Most often we hear of a tennis elbow, or sprained ankles as common tennis injuries. However recently during my work with an avid recreational tennis player, we stumbled upon another common, but overlooked tennis injury; it is Spondylolisthesis.
Spondylolisthesis is a spine condition where one vertebra begins slipping forward over another. The slippage is the result of a stress fracture in the bony extensions that interlock the consecutive vertebrae together. Normally the vertebral blocks of the spine are tightly interlocked with bony extensions and ligaments. With spondylolisthesis that structural chain is disrupted and the spine, as a result, can be destabilized.

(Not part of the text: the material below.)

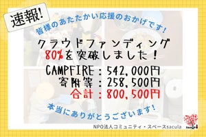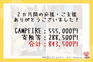 2024/12/03 11:5711月30日をもちまして、クラウドファンディングが終了しました!2カ月間の応援・ご支援ありがとうございました!-目次①最終結果②「匿名」で支援してくださった方へ③マンスリーサポーターさん募集❀.*・゚✿゜:。*❀.*・゚✿゜:。*①【最終結果】CAMPFIRE:555,000円 寄附等:288,500円 合計:843,500円最終的に目標額に対して84%まで到達することができました!saculaとして、久しぶりのクラウドファンディングでしたが、皆さんのご支援・SNS等でのシェアのおかげでここまで到達することができました。本当にありがとうございます!集まったお金は、敷金などの初期費用やサクラソウを整えるための準備費用などに使わせていただきます。リターンについては、また順次発送・イベントの案内を送らせていただきます。少々お待ちください。❀.*・゚✿゜:。*❀.*・゚✿゜:。*②【匿名の方へ】今回、匿名での寄附が大変多く、またリターンを必要としない応援を数多くいただきました。本当にありがとうございました。上記のことをサクラソウの入居者に伝えたところ、「ぜひともお礼がしたい」という声があがっています。匿名で寄附していただいた方で、もしよろしければ住所・お名前を教えていただければと思います。❀.*・゚✿゜:。*❀.*・゚✿゜:。*③【マンスリーサポーターさん募集】NPO法人コミュニティ・スペースsaculaでは、法人を支えてくださるマンスリーサポーターさんを随時募集しています。月々500円からsaculaに繋がる子ども若者をサポートすることができます。今回のプロジェクトを通して、saculaを知り、興味をもってくださった方は、公式ホームページよりお申込みください。≪コミュニティ・スペースsacula公式ホームページ≫ もっと見る

The degree of slippage varies. It can be minor and may not cause obvious symptoms. But it can progress and lead to severe pain, and compromise to the function of the lower extremities. One problem is that sometimes it is misdiagnosed as a disc or arthritic low back pain. Spine imaging is ultimately needed to confirm the diagnosis of spondylolisthesis. The symptoms associated with this condition are low back pain, which often radiates to the buttock or leg. Although these symptoms sound similar to those associated with a bulging disc, they have unique characteristics that help us distinguish them clinically. Unlike pain with a bulging disc which is made worse by bending or sitting, those associated with spondylolisthesis are exacerbated with extending (arching) of the back, or full rotation of the torso. It is very useful to track which activities tend to flare up or relieve symptoms and relay that information to your doctor.
Why Is It Common With Tennis?
Playing tennis involves big swings with a lot of momentum and torsion, and overhead serves which also require arching and extension near the end of available range of motion. Those large torsion motions can be strenuous to the spine, especially if the form during play is not correct. A lot of coordination between the torso, pelvis and extremities is needed to execute the movement correctly, and if fatigue sets in, then risk of injury is even greater.
What Training Would Help With Injury Prevention?
The neuromuscular control is extremely important in maintaining good movement and minimizing stress on the spine with tennis. Core stability exercises targeted to work in the frontal and transverse planes would be helpful in creating a sport specific program that would help prevent injuries. We want to focus on rotation and lateral motion, or the muscles that control those torso motions. Below are suggested moderate level exercises that would be helpful to include in your core stability training to improve game performance and save your back.
In conclusion, diversify your training, pay very close attention to your form, gage fatigue during play and include core stability exercises that target lateral and torsional stability in your training. And if you suspect an injury, don’t wait, visit your doctor promptly.